Bicycle bells and birdsong, sun-dappled lawns green as newly minted fairways. Stroller moms in black yoga pants running in place in front of Brunello Ristorante, where kids eat free on Sundays. Here, up high on self-contained, rigorously planned Snoqualmie Ridge, the curvy streets named after old pioneers lead to shiny, handsome homes, most of them elegantly encircled by Sherwin Williams–stained fences and weedless parking strips smartly dressed with red maple, yellow wood, and flowering pear trees.

Even the April breeze seems arranged, like the soft northwesterly that on this twinkly, bright early-spring morning chaperones white cumulus clouds across the craggy granite peaks of Mount Si and causes blue pennants advertising Pulte Homes at the EaglePointe subdivision (nearly sold out) to flutter like beating wings on Jacobia Street—the entry point, off Snoqualmie Parkway, to the site of dozens of new two-story cottages, colonials, and Craftsmans that have nearly filled 1,342 acres on this blunt western edge of the Cascade Mountains.

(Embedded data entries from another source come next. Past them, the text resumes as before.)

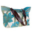 Immerse yourself in a floral atmosphere with this reversible bag that completes the "Heron" collection. Its two patterns, different on the inside and outside of the bag, feature a palette of bright colors. The canvas echoes the sunny tones of summer by displaying a floral pattern and a geometric frieze in almond and turquoise blue. The interior is more urban: green and turquoise stripes.
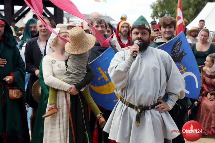 Powitanie na Polach Grunwaldu rekonstruktorów średniowiecza biorących udział w Dniach Grunwaldu | Pola Grunwaldu w Stębarku | 14.07.2023
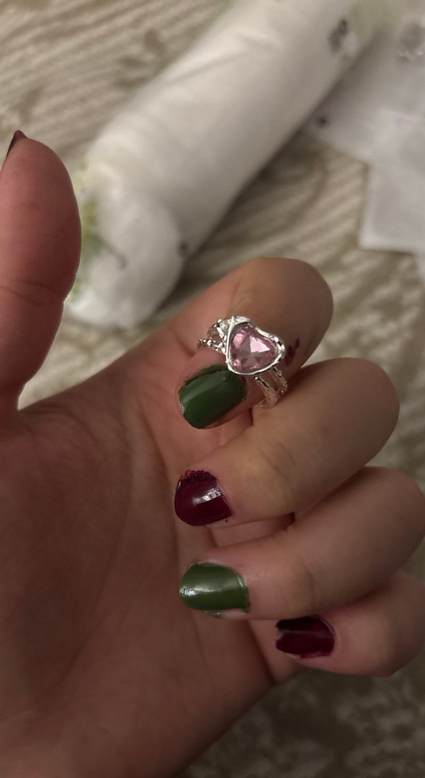 Pembe kalp taşlı, pullu detaylı kadın yüzük. Romantik akşamlar için bohem ve göz alıcı bir tasarım. marka yok
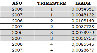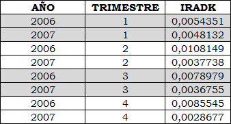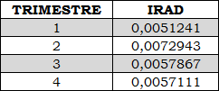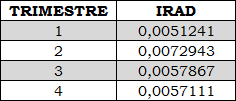 Tabla 1. IRAD por trimestre para el nivel de tensión 1.
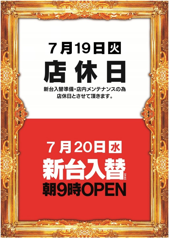 7月19日(火)新台入替の為お休みを頂きます。

It brings to mind the phrase Jonathan Franzen chose to depict the fictional Midwest suburb of St. Jude in his 2001 novel The Corrections: “a miracle of niceness.” Nothing is out of place. Dog owners converging on the manicured expanses that wrap around the new Snoqualmie Community Center dare not leave home without their pooper-scoopers. There are rules, many rules, that the residents, who pay an annual $300 assessment fee, must abide by. One cannot, for example, paint a deck without submitting to the Snoqualmie Ridge Residential Owners Association (ROA) a “home modification application.” Garage sales are verboten.

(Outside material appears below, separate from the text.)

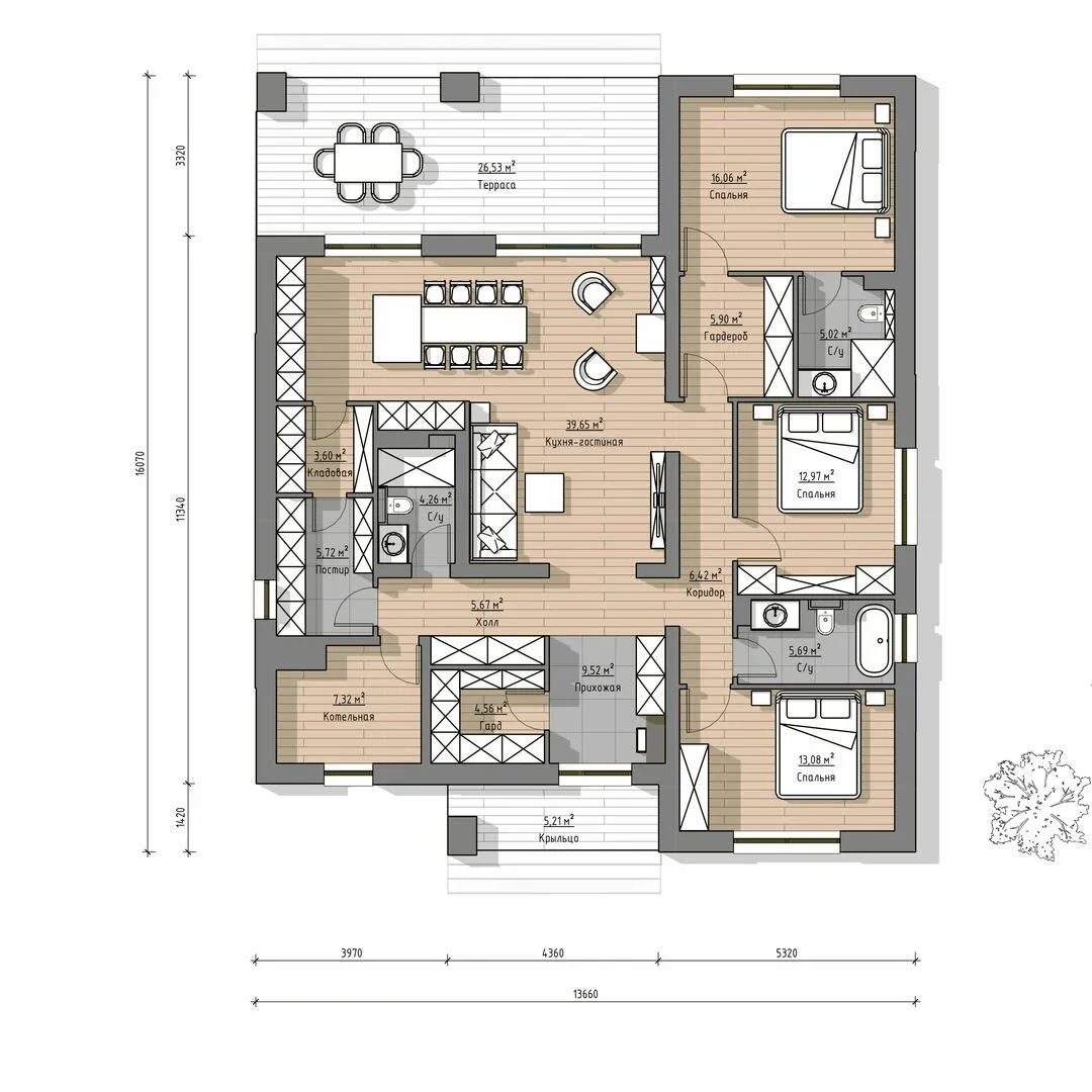 Одноэтажный дом от компании UNIT серии Премиум 141 TK

A city worker in a Bobcat empties the trash bins each and every morning along well-ordered Center Boulevard. Here, in “new Snoqualmie” ’s commerce sector, wood and stone buildings trimmed in muted colors—avocado, lime, mauve, and tan—house six ethnic eateries, a bistro and a deli, three family medical and dental clinics, four fitness salons, and a hot yoga studio, wonderfully named Twisted Bliss. At night, 30-something couples, many of them with the means to hire workday nannies, often crowd Ana’s Mexican restaurant, lured by bulging burritos and Ana’s house special: generously poured margaritas with fresh-squeezed lime juice and premium tequila.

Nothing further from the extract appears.